* _EXERCISE AIM_
The data below holds a line containing "Skims Cotton Fleece" and a line containing "Этот синхронизированный пресс"; please quote exactly those two lines and every line between them, and nothing else.

* _RECORDS SHOWN_

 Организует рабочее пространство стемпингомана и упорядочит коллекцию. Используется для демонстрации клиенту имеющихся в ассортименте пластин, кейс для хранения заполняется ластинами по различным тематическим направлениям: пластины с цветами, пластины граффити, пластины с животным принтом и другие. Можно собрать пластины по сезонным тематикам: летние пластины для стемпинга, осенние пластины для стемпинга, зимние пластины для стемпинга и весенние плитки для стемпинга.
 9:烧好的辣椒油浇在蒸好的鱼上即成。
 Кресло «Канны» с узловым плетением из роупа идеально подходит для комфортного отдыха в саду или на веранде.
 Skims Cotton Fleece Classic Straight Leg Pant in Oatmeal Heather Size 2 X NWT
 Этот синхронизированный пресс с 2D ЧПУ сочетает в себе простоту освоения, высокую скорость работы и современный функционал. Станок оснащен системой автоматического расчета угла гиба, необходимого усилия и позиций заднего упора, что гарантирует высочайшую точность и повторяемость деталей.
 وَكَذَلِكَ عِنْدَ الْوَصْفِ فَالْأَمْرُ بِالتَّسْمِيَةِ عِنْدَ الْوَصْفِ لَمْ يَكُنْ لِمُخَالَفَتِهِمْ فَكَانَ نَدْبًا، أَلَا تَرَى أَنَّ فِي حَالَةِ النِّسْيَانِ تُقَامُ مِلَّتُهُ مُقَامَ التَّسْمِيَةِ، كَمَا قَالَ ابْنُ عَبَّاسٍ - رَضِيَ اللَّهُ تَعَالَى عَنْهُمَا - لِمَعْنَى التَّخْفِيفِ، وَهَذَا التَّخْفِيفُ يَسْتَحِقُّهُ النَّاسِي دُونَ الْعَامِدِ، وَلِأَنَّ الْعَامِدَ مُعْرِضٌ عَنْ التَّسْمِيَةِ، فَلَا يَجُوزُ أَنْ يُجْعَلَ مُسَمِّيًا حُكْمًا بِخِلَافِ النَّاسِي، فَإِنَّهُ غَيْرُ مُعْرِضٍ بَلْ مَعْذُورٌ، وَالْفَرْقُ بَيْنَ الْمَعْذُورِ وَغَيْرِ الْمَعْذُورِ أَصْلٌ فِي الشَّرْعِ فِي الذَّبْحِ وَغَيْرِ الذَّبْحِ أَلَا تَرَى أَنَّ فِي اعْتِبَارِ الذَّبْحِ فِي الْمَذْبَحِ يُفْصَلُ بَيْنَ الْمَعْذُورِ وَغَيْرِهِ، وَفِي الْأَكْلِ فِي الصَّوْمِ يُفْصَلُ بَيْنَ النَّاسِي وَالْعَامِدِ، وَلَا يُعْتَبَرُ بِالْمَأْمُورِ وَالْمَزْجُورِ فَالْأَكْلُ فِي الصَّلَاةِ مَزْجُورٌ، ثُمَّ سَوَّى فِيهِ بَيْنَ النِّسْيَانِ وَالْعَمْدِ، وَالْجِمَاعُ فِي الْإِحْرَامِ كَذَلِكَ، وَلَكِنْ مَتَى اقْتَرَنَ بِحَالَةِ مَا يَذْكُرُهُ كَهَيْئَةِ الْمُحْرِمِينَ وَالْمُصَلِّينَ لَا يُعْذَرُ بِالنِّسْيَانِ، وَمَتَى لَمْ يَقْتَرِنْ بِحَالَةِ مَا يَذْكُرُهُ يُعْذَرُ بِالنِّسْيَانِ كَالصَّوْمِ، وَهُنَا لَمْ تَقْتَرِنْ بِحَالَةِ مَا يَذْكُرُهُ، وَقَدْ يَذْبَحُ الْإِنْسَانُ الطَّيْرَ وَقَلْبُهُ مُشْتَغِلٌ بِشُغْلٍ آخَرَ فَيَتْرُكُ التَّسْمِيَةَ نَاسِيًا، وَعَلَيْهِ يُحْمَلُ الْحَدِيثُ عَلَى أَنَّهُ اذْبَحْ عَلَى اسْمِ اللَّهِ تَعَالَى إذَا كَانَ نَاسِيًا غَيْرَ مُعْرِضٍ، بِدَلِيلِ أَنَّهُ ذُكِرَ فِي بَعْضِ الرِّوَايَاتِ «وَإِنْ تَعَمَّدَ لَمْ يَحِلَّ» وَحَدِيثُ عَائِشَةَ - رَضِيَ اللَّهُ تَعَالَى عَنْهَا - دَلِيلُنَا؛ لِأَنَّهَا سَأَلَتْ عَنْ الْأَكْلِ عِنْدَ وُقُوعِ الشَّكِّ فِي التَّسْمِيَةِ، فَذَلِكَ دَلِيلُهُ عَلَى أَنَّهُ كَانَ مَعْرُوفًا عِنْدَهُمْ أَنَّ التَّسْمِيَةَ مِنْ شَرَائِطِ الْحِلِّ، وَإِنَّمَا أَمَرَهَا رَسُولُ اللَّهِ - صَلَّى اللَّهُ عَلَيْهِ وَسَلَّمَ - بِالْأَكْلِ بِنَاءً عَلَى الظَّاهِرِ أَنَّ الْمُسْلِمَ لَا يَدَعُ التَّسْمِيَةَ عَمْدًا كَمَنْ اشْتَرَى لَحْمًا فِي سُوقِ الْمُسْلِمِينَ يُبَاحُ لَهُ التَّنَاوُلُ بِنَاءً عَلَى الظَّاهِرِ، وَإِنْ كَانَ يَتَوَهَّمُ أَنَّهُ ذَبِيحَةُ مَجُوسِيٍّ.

* _RESULT OF THE EXERCISE_
 Skims Cotton Fleece Classic Straight Leg Pant in Oatmeal Heather Size 2 X NWT
 Этот синхронизированный пресс с 2D ЧПУ сочетает в себе простоту освоения, высокую скорость работы и современный функционал. Станок оснащен системой автоматического расчета угла гиба, необходимого усилия и позиций заднего упора, что гарантирует высочайшую точность и повторяемость деталей.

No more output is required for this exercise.